Görlitz. Eigentlich hat Artur Meier aus Görlitz die ganze Sache einem jungen Polen zu verdanken: Tomasz Tomalik hatte sich mit dem deutsch-polnischen Gedenkprojekt „Worcation“ des Meetingpoint-Vereins auf den Europäischen Karlspreis für die Jugend beworben – und bekam ihn. Doch weil er erst 17 ist, musste ein volljähriger Begleiter vorige Woche mit nach Aachen fahren. Artur hatte 2015 und 2016 selbst an „Worcation“ teilgenommen. So fiel die Wahl auf ihn. Doch der 18-Jährige, der 2017 sein Abitur am Curie-Gymnasium gemacht hat, wusste nicht, was kommt: „Worcation“ wurde nicht nur Landessieger, sondern bekam völlig überraschend den mit 7500 Euro dotierten ersten Preis. Wofür das Geld verwendet wird, steht noch nicht fest.
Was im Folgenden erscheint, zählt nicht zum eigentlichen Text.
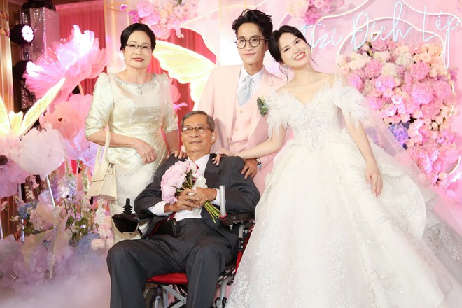 Đặc biệt hơn, nhiều khách mời tham dự không khỏi xúc động khi thấy bố ruột của Đích Lép ngồi xe lăn tới tham dự lễ cưới con trai. Nam YouTuber vừa bật khóc vừa ân cần dìu bố đứng dậy để cùng chụp hình với gia đình.
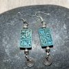 Egyptian ceramic dangle with hierglyphics with handmade silver beads and spiral dangles, on simple stainless steel hooks

Weil Artur fließend englisch, deutsch und polnisch spricht, präsentierte er das Projekt, stand für eine Minute mit dem französischen Präsidenten Emmanuel Macron auf der Bühne und saß am nächsten Tag als Ehrengast direkt neben Ex-SPD-Chef Martin Schulz in der zweiten Reihe, schräg hinter Angela Merkel und dem spanischen König Felipe VI. „Das habe ich vorher alles nicht erwartet“, sagt er: „Ich hatte nicht mal einen Anzug dabei, nur mein Freizeitjackett.“ Aufregend sei es schon gewesen. Aber unnötig gestresst habe er sich nicht: „Ich bin das Reden gewöhnt, das ging schon klar.“ Mit Martin Schulz habe er sich nett unterhalten: „Ich habe ihm von unserem Projekt erzählt, das war sehr entspannt, er ist ein geerdeter Typ.“

Inzwischen ist Artur zurück in Görlitz – und arbeitet am nächsten Projekt. Er ist schon seit Herbst 2014 Mitglied im A-Team, einer Gruppe Jugendlicher, die sich für Görlitz engagiert und in der Rabryka auf der Bautzener Straße 32 trifft. Dort baut Artur derzeit mit Otto Kronschwitz und Robin Buse einen alten Wohnwagen zum Infokiosk um: „Damit touren wir vom 18. Mai bis 18. August durch die ganze Stadt.“

Sie wollen die Jugendlichen dort erreichen, wo sie sind. Diskussionsrunden sind am Bus geplant, aber auch Tischkickerturniere und sogar Konzerte. Zudem gibt es im Wohnwagen eine Bar. „Wir wollen herausfinden, was die Probleme in den Stadtteilen sind“, sagt Otto. Die Ergebnisse sollen an Bürger- und Stadträte weitergetragen werden. Vor allem aber geht es dem A-Team darum, den Jugendlichen Perspektiven aufzuzeigen, ihnen Projekte vorzustellen, die schon da sind, die sie aber vielleicht nicht kennen. „Sie sollen nicht nur meckern, sondern was machen“, sagt Artur. Start ist morgen, ab 15.30 Uhr, im Stadtpark. Dort veranstaltet das A-Team schon zum achten Mal den Mayday. Es gibt eine kleine Bühne für Bands und DJs, verschiedene Stände und Aktionen – und den Wohnwagen mit Artur und seinen Mitstreitern mittendrin.